The financial group somewhat stabilized this week as the XLF rose .9%, the fourth best weekly showing of of the 11 major S&P sectors (the three best actors by far were very defensive in nature with the XLP, XLRE and XLU all advancing 4.4, 3.3 and 3.1% respectively as the chart below states). Both the bulls and bears can take something away from its as the bulls will point to the inability to force the ETF lower after the prior week slumped 5.6% on huge volume. The bears would acknowledge it was a very lackluster response. A bevy of earnings came forth recently and the first few were praised as JPM and BAC reported but they were unable to CLOSE firm after a nice early response with the losses coming in at 1.1 and 1.9%. On 10/16 however MS and GS had those initial gains stick and finished sturdy up 5.7 and 3% respectively. The XLF is now 12% off most recent 52 week highs, and my feeling last week is the same which is tread carefully of the space until the ETF can clear 30. Of course that is more than 10% away so patience should be the name of the game and trading smaller than normal size.

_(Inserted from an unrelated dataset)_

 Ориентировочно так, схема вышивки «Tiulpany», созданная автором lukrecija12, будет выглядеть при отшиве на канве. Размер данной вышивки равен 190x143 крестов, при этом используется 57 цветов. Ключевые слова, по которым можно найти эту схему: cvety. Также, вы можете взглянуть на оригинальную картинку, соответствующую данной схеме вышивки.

Interest Rates Not Giving Banks a Boost?
The big question that must be on investors minds who focus on the finnies is why they can not rally when it seems like everyone knows interest rate rises are almost a certainty? The Fed declared that this week, in spite of Trump declaring his unhappiness with it. Of course the Fed can do that directly as they have stated that is their motive going forward, but it will have indirect forces behind it as well. Many believe the markets themselves dictate interest rate movements, and the TNX broke above a cup with handle trigger near 3.10 on a huge day on 10/3, and came close to retesting it last week and held firm. The greenback seems like it wants to keep climbing upward and that should lead to higher interest rates too, as capital flows to where it is treated best. Most likely that will force down emerging markets as well, although the chart below shows a bit of positive divergence as RSI makes higher lows with PRICE not cooperating until this past week.

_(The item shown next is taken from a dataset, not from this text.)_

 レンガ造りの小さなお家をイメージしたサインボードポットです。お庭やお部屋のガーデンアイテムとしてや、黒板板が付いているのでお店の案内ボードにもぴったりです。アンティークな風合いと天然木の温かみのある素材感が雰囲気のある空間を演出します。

The asset manager plays seem to be under pressure, and when you have leaders like AB that sports a dividend yield of 9%, that should make anyone nervous. VALU is also a general in the subsector, but trades in an extremely illiquid manner, but give it credit for trading near a 25.65 cup base trigger in a pattern that began way back in December of 2016. Below is the chart of peer TROW and how it was presented in our Financial Report on 10/10. It is finding support at the very round 100 number the last 2 weeks, but is that comfort transitory? It now trades in bear market mode down 21% from most recent 52 week highs. It has dropped in value 13 of the last 19 weeks, and 3 of the advancing weeks rose less than 1%. TROW is now back to the February lows and a break underneath 100 would be a rounded top pattern breakdown with a measured move to 73.